Please repeat, exactly and without pictures, the lines of the entries below that run from the one containing "Схема укладки такая" through the one containing "Das Sandsteindreieck ist".

--- MATERIAL PROVIDED ---

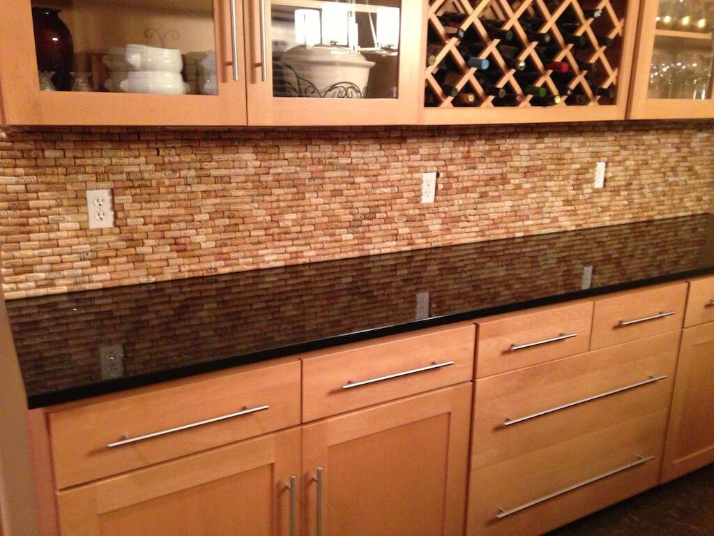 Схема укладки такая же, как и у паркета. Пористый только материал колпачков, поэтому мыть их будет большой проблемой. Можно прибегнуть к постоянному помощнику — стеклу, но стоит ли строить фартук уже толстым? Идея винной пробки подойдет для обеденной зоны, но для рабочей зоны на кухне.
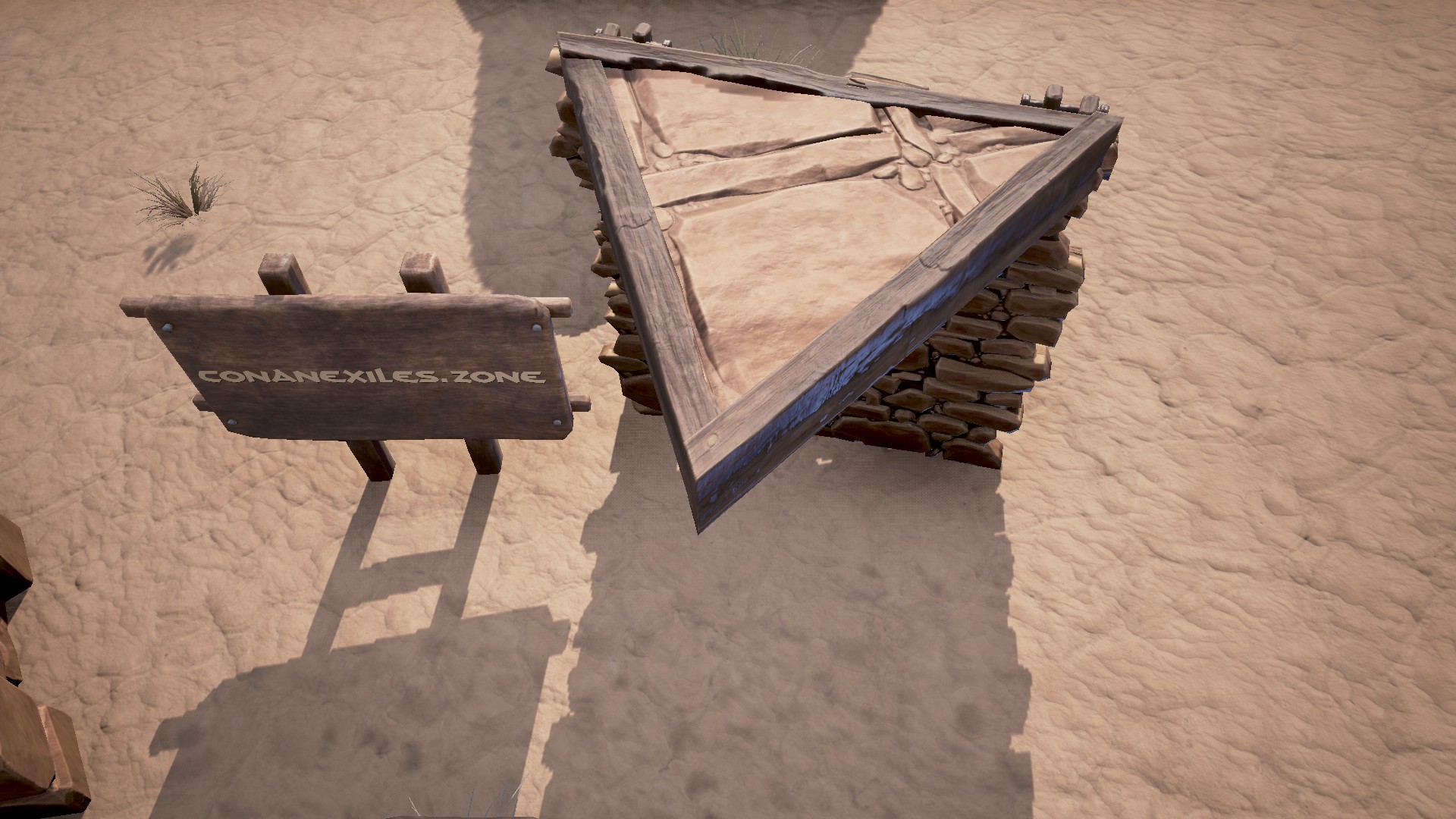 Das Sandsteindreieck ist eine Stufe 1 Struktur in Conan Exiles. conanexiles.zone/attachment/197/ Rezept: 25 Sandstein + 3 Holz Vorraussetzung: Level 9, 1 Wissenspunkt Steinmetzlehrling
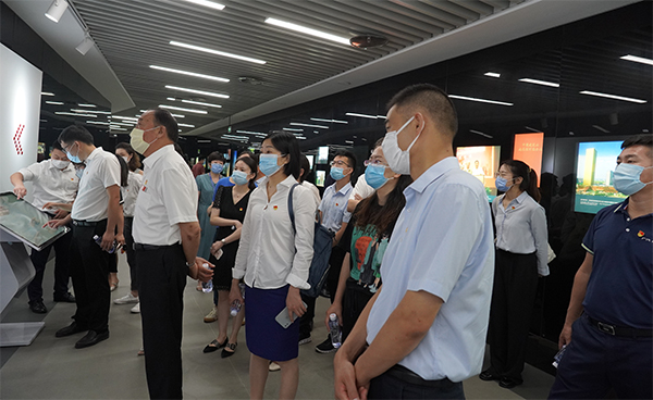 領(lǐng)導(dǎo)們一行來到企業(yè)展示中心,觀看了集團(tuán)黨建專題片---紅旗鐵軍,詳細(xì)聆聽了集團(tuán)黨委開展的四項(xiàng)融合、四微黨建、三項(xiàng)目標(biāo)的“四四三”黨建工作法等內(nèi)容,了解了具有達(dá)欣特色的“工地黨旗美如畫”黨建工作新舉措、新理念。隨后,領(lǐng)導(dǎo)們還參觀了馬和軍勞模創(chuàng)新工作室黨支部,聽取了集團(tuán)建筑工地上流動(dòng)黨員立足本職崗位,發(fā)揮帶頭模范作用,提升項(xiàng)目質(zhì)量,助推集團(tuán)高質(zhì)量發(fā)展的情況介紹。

---
--- MATERIAL PROVIDED ---

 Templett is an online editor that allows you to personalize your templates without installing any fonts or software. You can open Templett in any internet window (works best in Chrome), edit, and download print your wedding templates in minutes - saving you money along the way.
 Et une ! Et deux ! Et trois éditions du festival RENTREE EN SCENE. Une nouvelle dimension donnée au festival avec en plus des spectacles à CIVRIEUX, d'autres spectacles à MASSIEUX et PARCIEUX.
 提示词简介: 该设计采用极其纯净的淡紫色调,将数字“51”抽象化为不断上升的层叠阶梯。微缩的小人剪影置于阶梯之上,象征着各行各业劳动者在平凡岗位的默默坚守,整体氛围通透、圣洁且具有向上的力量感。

---
--- MATERIAL PROVIDED ---

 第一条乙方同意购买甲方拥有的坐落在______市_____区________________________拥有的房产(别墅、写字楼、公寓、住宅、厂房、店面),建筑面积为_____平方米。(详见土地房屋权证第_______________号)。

---

■ **EXERCISE SOLUTION**:
 Схема укладки такая же, как и у паркета. Пористый только материал колпачков, поэтому мыть их будет большой проблемой. Можно прибегнуть к постоянному помощнику — стеклу, но стоит ли строить фартук уже толстым? Идея винной пробки подойдет для обеденной зоны, но для рабочей зоны на кухне.
 Das Sandsteindreieck ist eine Stufe 1 Struktur in Conan Exiles. conanexiles.zone/attachment/197/ Rezept: 25 Sandstein + 3 Holz Vorraussetzung: Level 9, 1 Wissenspunkt Steinmetzlehrling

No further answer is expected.